§ **Problem statement**: Without any images, write the data out exactly as it appears.

§ **Data below**:
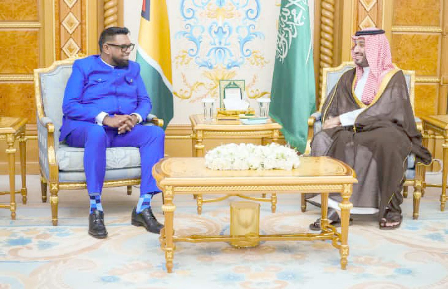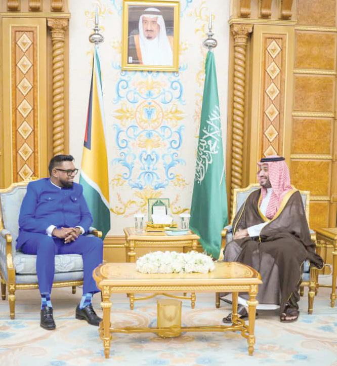 PRESIDENT Dr. Irfaan Ali met with His Royal Highness, Crown Prince Mohammed bin Salman Al Saud to discuss strengthening the partnership between Guyana and the Kingdom of Saudi Arabia across several key sectors.
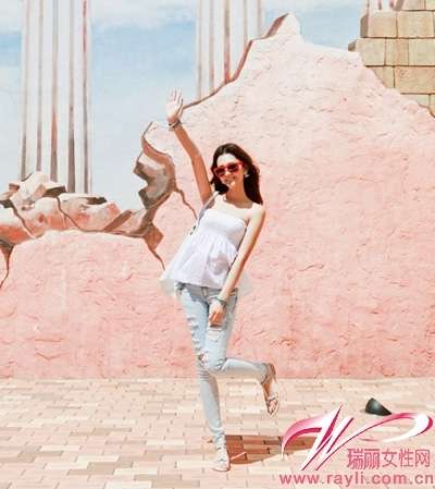 白色棉质抹胸上衣搭配浅色系破洞牛仔裤和白色平底凉鞋
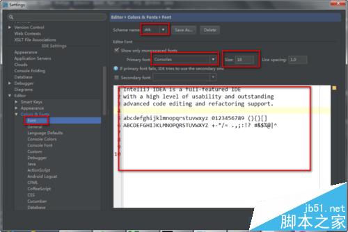 5、然后背景想當于保存好了,然后設置字體,來到下面的Colors&Fonts--->Fonts進行字體的設置。選中自己設的名字進行修改字體形式和大小。

§ **Your solution**:
 PRESIDENT Dr. Irfaan Ali met with His Royal Highness, Crown Prince Mohammed bin Salman Al Saud to discuss strengthening the partnership between Guyana and the Kingdom of Saudi Arabia across several key sectors.
 白色棉质抹胸上衣搭配浅色系破洞牛仔裤和白色平底凉鞋
 5、然后背景想當于保存好了,然后設置字體,來到下面的Colors&Fonts--->Fonts進行字體的設置。選中自己設的名字進行修改字體形式和大小。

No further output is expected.